Passionate supporter galvanises her community to hit 25K goal before turning 25
There is no challenge too big for a 21-year-old Fight for Sight supporter who is determined to raise £25K to help others like herself who are experiencing sight loss.
After hitting a £10K fundraising goal last year, Megan Davies says she is set on raising another £15K for sight-saving research by the time she turns 25.
Feeling inspired to do more, she is kicking off the latest round of fundraising on August 14th with a quiz at the local pub.
She told us:
“When I hit £10K, I wasn’t expecting to get there so quickly. I had set myself five years to achieve that so the fact that I hit my target within two years made me feel so touched. I thought: I’m really not done with this, there’s more I can do. So I sat my family down and told them. I wanted to make sure we were all on the same wavelength and we can all join in to help raise the money.”
Determined to help
Five years after being told by doctors about retinal pigment damage in her eyes, years of tests and no concrete answers on her condition, Megan is more determined than ever to raise awareness for others going through a similar experience.
“When I first heard about my condition, I was very insecure about it. At the time I was struggling with my mental health and I was depressed. I was trying to process all of it but it was so difficult. You almost have to grieve the person you were before. It took me two years to fully be able to talk about it. When I turned 18, I decided I couldn’t keep hiding this from people. It made me realise that blindness and vision impairment in general aren’t spoken about enough. People don’t realise the spectrum of conditions that affect people in so many different ways. And if I went through that I knew others would be too. Now, I want to help as much as I can.”
Megan first noticed her sight changing at school, when she started struggling to read the board.

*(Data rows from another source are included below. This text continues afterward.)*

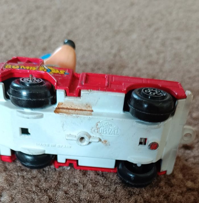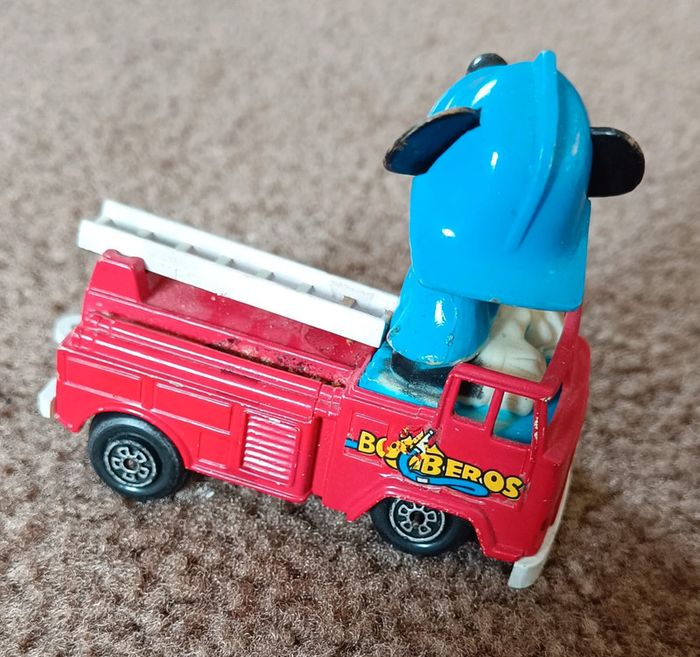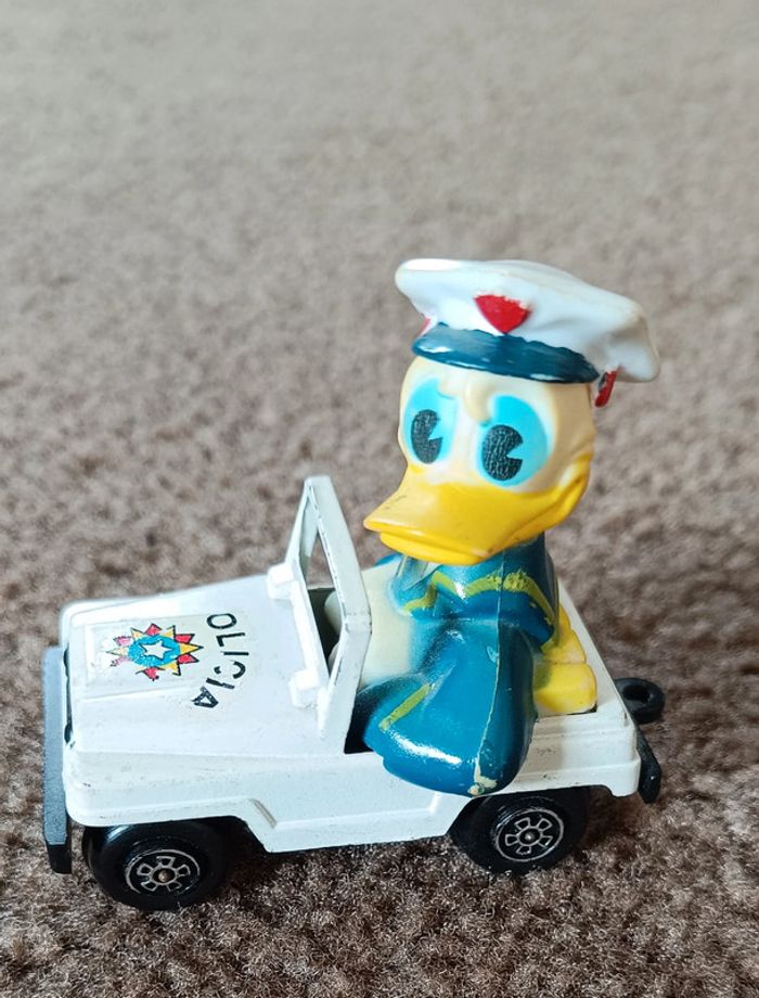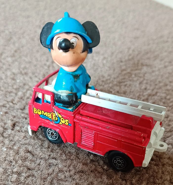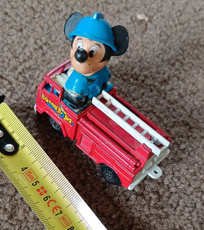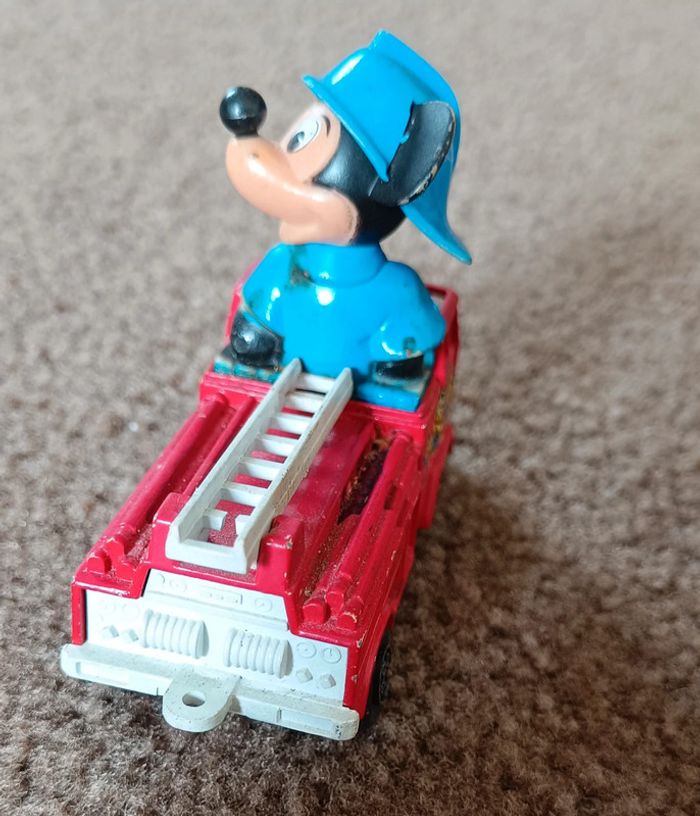 - Donald policier - Guisval Mickey Mouse Fire Engine - Red - Made in Spain Camion pompier rouge avec échelle - Mickey voiture orange circuit course numéro 2 ma sur nez et casque vintage collection maison non fumeur et sans animaux n'hésitez pas à faire des lots figurine collector jouet poupée peluche
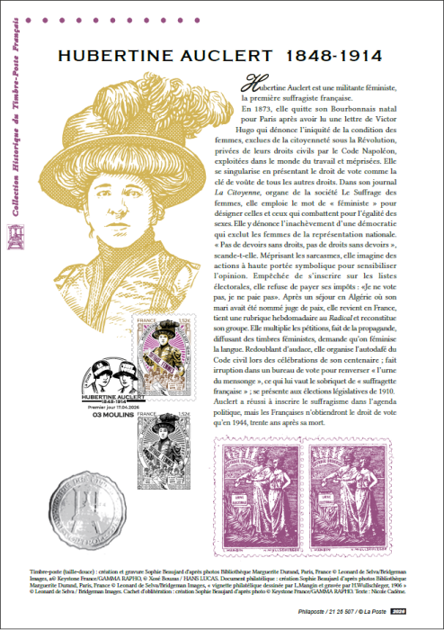 Timbre-poste (taille-douce) : création et gravure Sophie Beaujard d'après photos Bibliothèque Marguerite Durand, Paris, France © Leonard de Selva/Bridgeman Images, © Keystone France/GAMMA RAPHO, © Xosé Bouzas / HANS LUCAS. Document philatélique : création Sophie Beaujard d’après photos Bibliothèque Marguerite Durand, Paris, France © Leonard de Selva/Bridgeman Images, « vignette philatélique dessinée par L.Mangin et gravée par H.Wullschleger, 1906 » © Leonard de Selva / Bridgeman Images. Cachet d’oblitération : création Sophie Beaujard d’après photo © Keystone France/GAMMA RAPHO. Texte : Nicole Cadène.
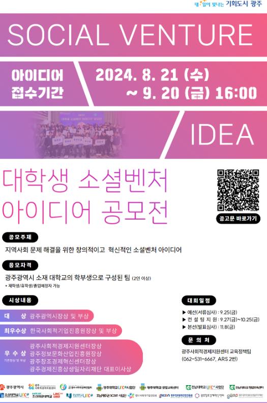 [남도저널 이운현 기자] 광주광역시는 광주사회적경제지원센터와 함께 지역사회 문제해결을 위한 창의적이고 혁신적인 아이디어 발굴을 위해 ‘제2회 대학생 소셜벤처 아이디어 공모전’을 개최한다.
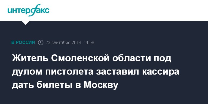 Житель Смоленской области под дулом пистолета заставил кассира дать билеты в Москву
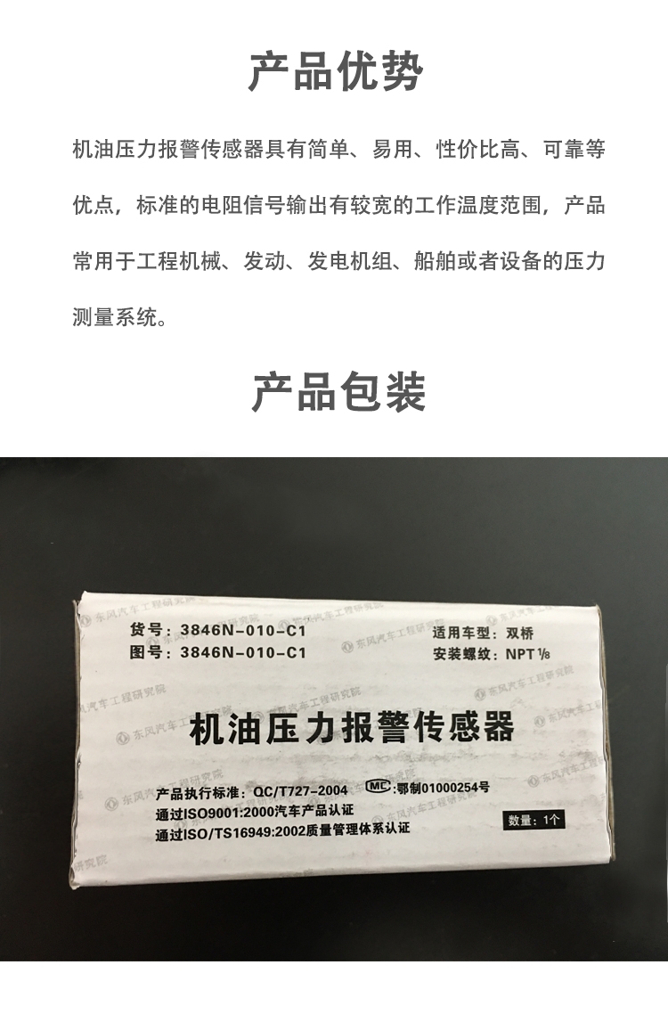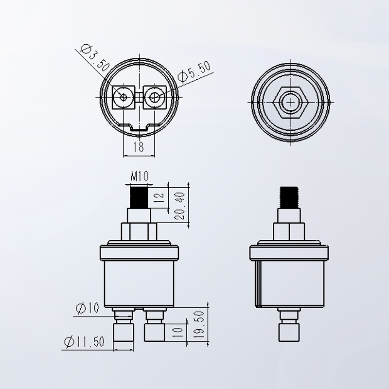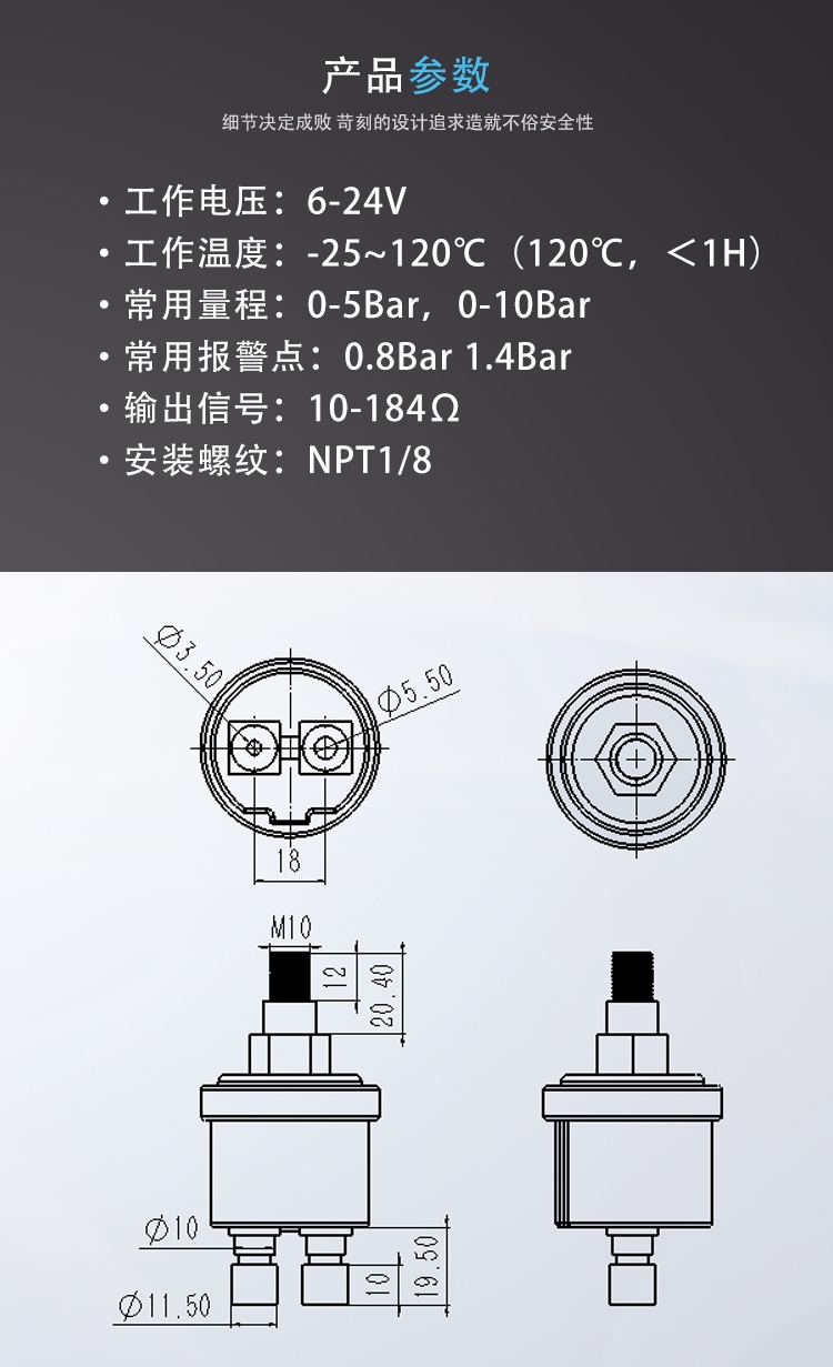 機(jī)油壓力傳感器由信號處理電路、外殼、固定線路板裝置以及2根引線(信號線和報警線) 等組成。信號處理電路由電源電路、傳感器補償電路、調(diào)零電路、電壓放大電路、電流放大電路以及報警電路等組成。
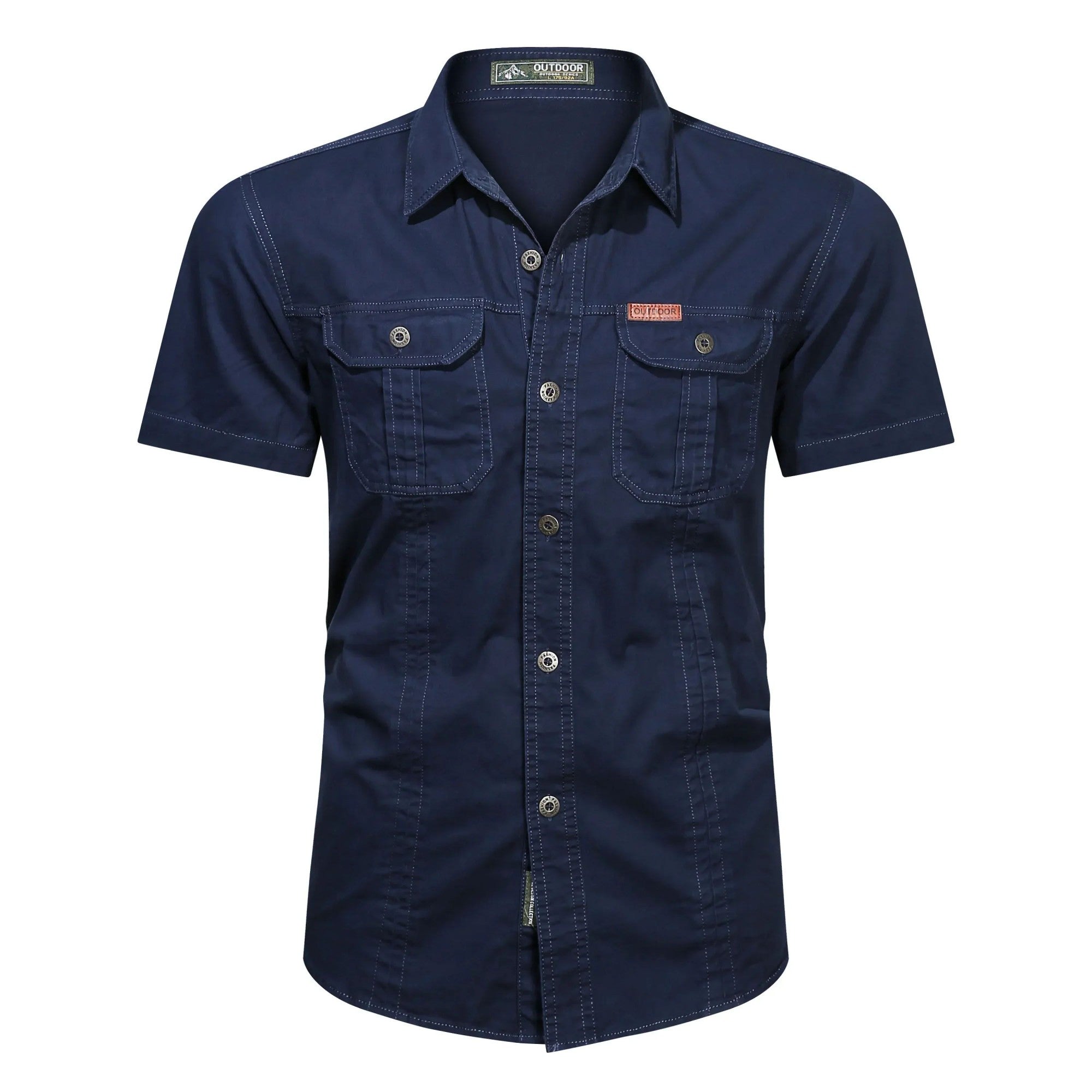 Men's Streetwear Casual Button Down Military Cargo Shirt Short Sleeve Cotton Dress Shirts For Hiking Fishing Golf Polos Shirts

She eventually did an eye test and realised she could only read three lines down. She tried out every lens and had her eyes scanned at the opticians, only to be told that something doesn’t look right.
After a referral to a specialist hospital in Oxford and a six-month wait for a DNA test result, she was told that the root of the problem was a faulty gene variant.
After two years of regular testing, doctors advised that there is no way of knowing how the condition will develop and affect her sight in the long-term.
Retelling her story, Megan acknowledges how far eye research has come and is excited to get her family, friends, and her local community back together again to work towards her goal.
Resilience and strength
Ikram Dahman, Deputy CEO at Fight for Sight, said:
“It means the world to us to have Megan’s support. She shows such resilience and strength in telling her story and devoting herself to fundraising and raising awareness to change the narrative and help others. The way she has galvanised her community is so touching. She is an inspiration to us all and we are so proud to see everything she continues to achieve.”
There is currently no cure for Megan’s condition, but she continues to undergo regular tests in the hope a treatment will soon be found.
Significant progress is being made in this research area, with groundbreaking processes like whole genome sequencing leading the way in the search for underlying genetic causes behind rare inherited sight loss conditions.